# Given information:
☆ ☆ ☆ ☆

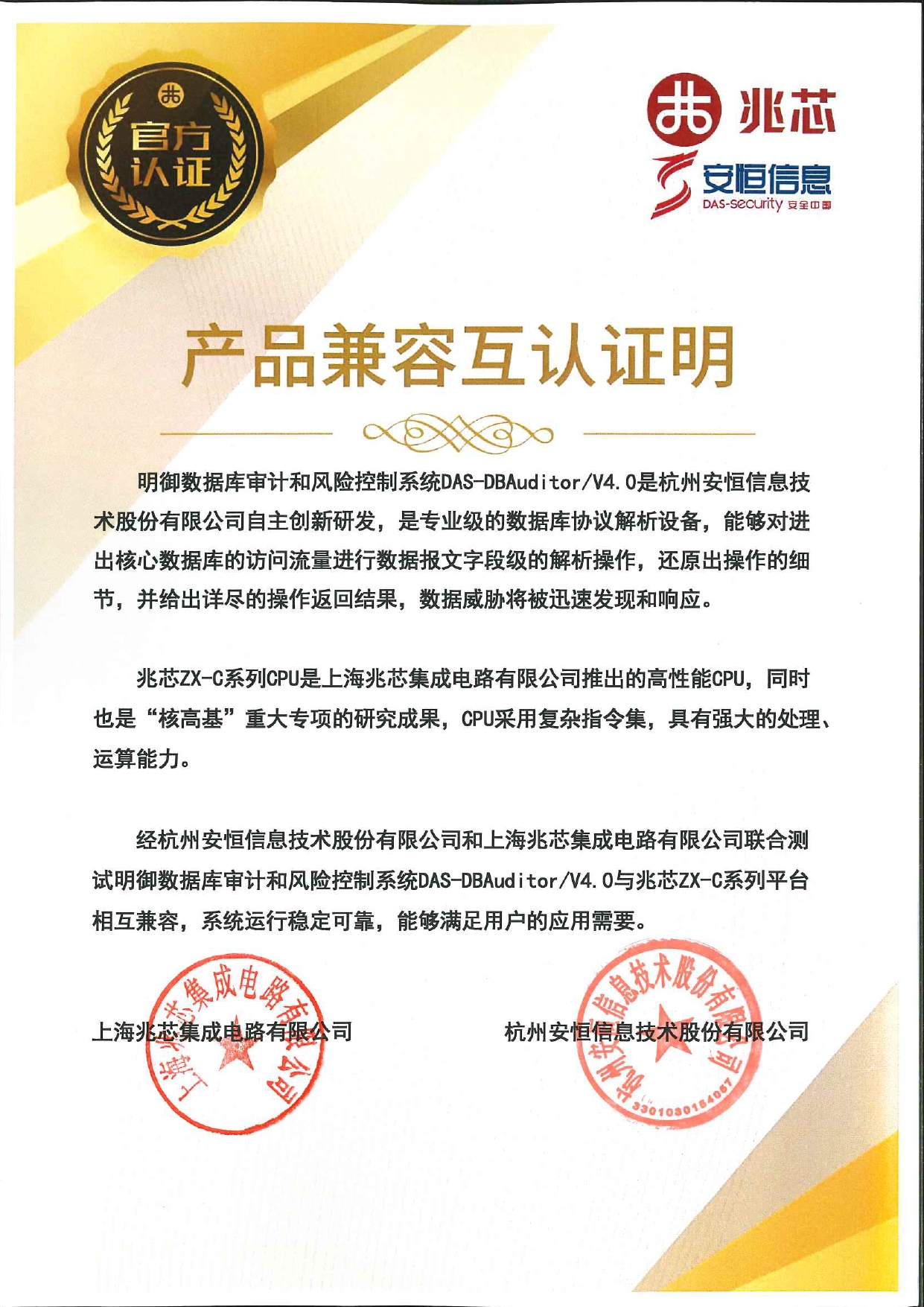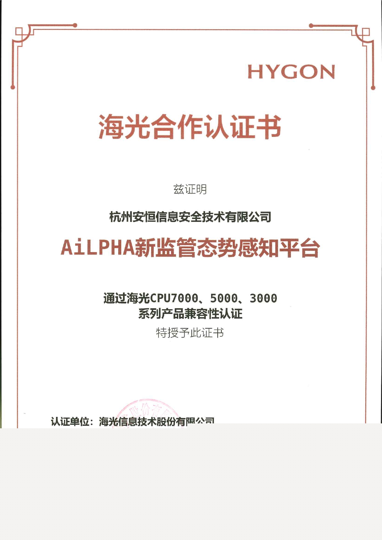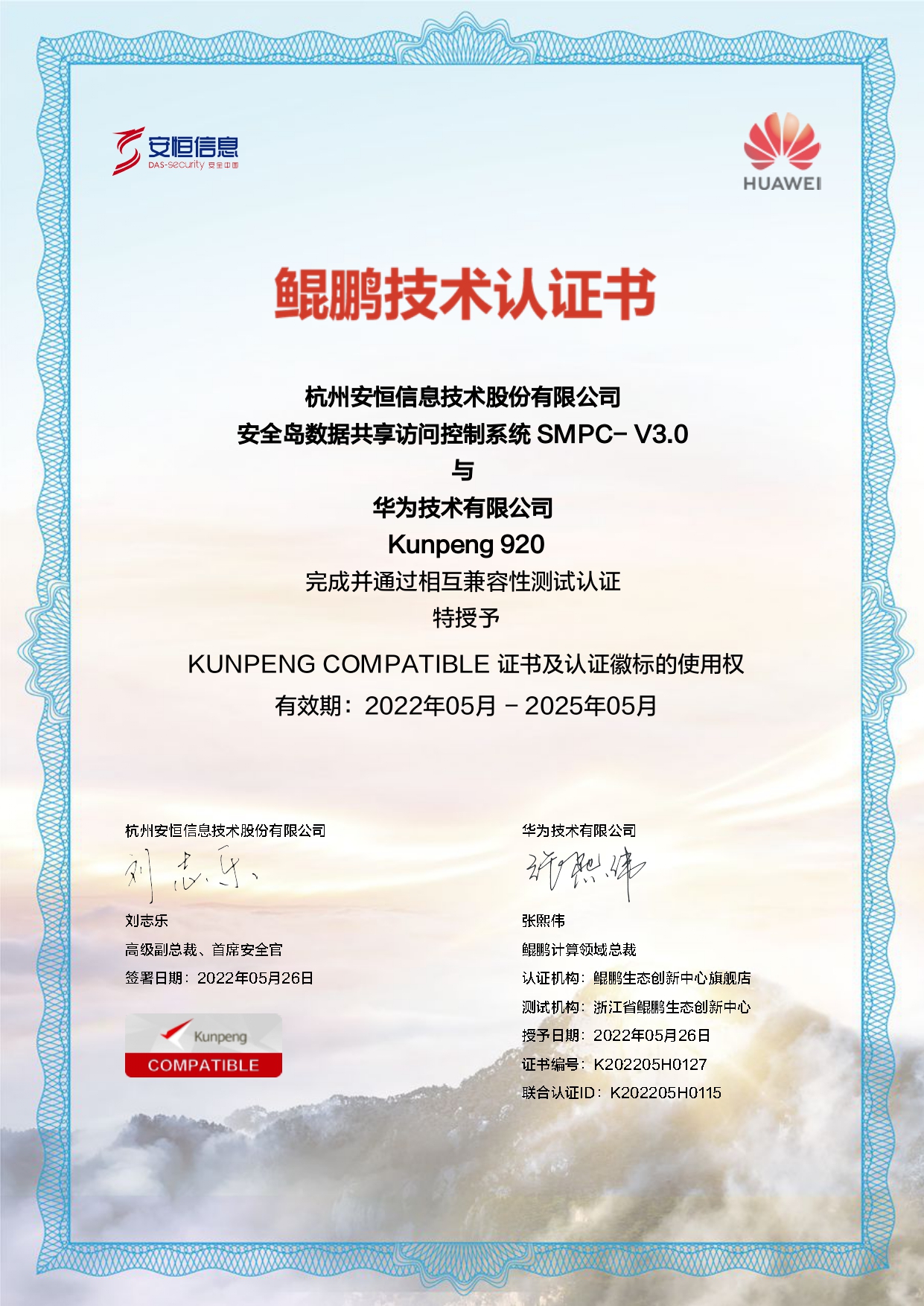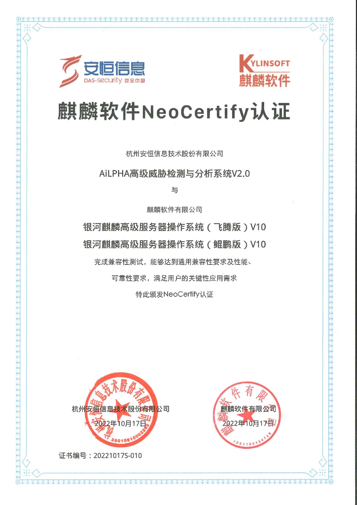 - 安恒信息AiLPHA大數(shù)據(jù)智能安全平臺、APT攻擊預(yù)警平臺分別與華為TaiShan 200系列完成兼容性測試。華為智能計算授予安恒信息HUAWEI COMPATIBLE證書及相關(guān)認(rèn)證徽標(biāo)使用權(quán)。
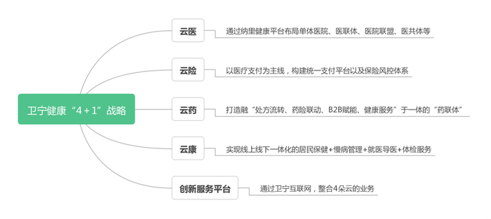 公司自2015年起,积极布局医疗健康服务领域,推动互联网+模式下的医疗健康云服务等创新业务的发展,现已形成“4+1”发展战略(云医、云药、云险、云康+创新服务平台)。
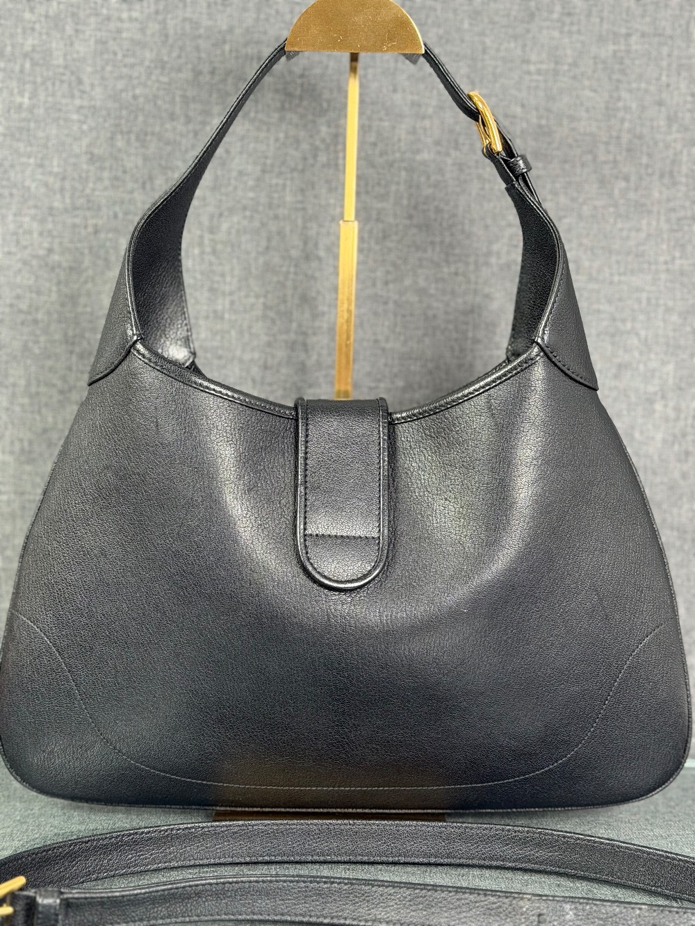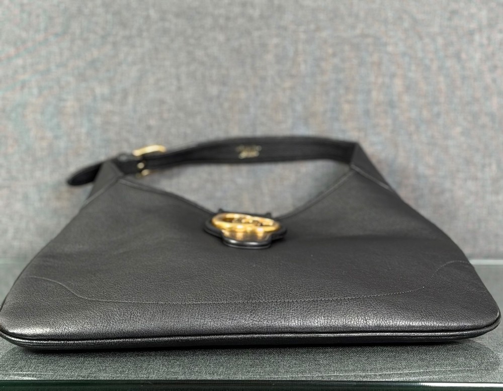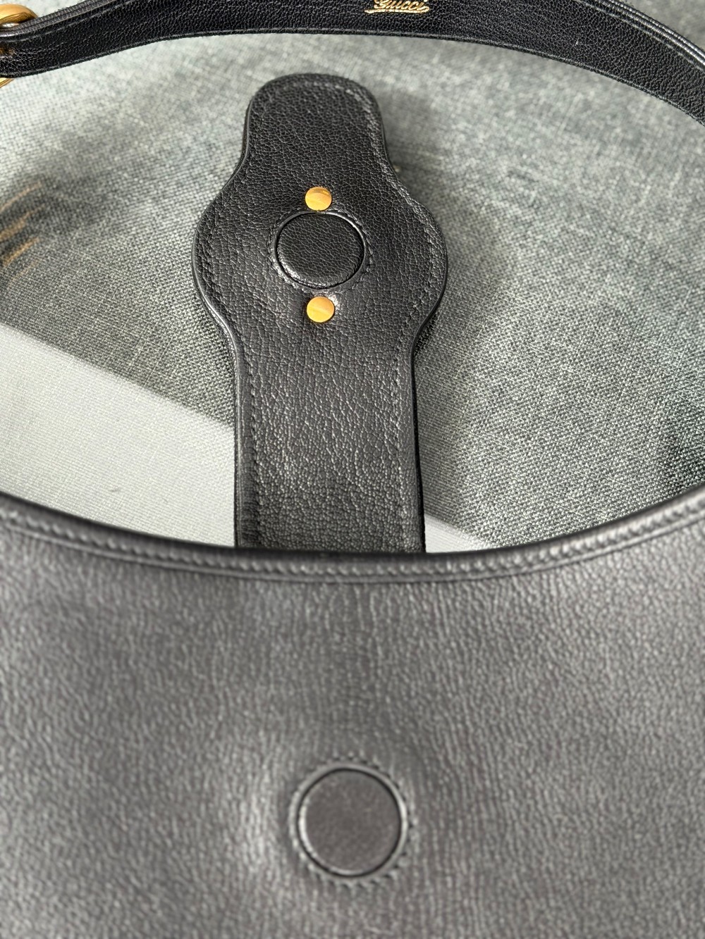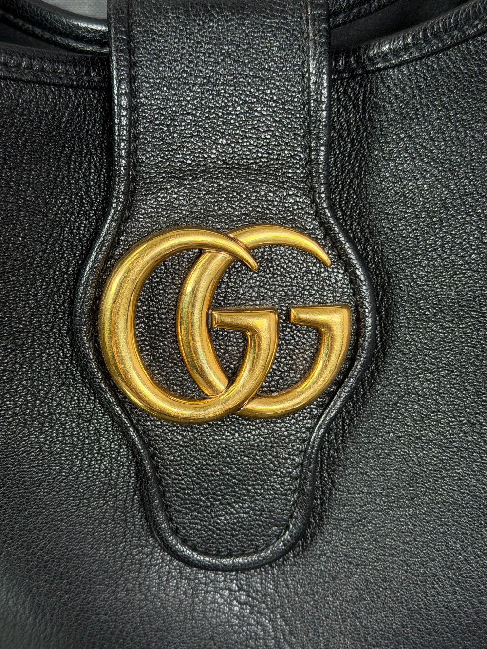 This is an authentic GUCCI Goatskin Medium Aphrodite Shoulder Bag in Black. This classic hobo bag is crafted of black goatskin leather. The bag features a stylish looping shoulder strap and optional long shoulder strap. The crossover strap features a gold GG logo that opens to a black microfiber interior with a zipper pocket.

☆ ☆ ☆ ☆

# Task details:
Starting from the first line of the listing above, write out every line exactly through the one containing "公司自2015年起,积极布局", and drop the pictures.

# Problem solution:
 - 安恒信息AiLPHA大數(shù)據(jù)智能安全平臺、APT攻擊預(yù)警平臺分別與華為TaiShan 200系列完成兼容性測試。華為智能計算授予安恒信息HUAWEI COMPATIBLE證書及相關(guān)認(rèn)證徽標(biāo)使用權(quán)。
 公司自2015年起,积极布局医疗健康服务领域,推动互联网+模式下的医疗健康云服务等创新业务的发展,现已形成“4+1”发展战略(云医、云药、云险、云康+创新服务平台)。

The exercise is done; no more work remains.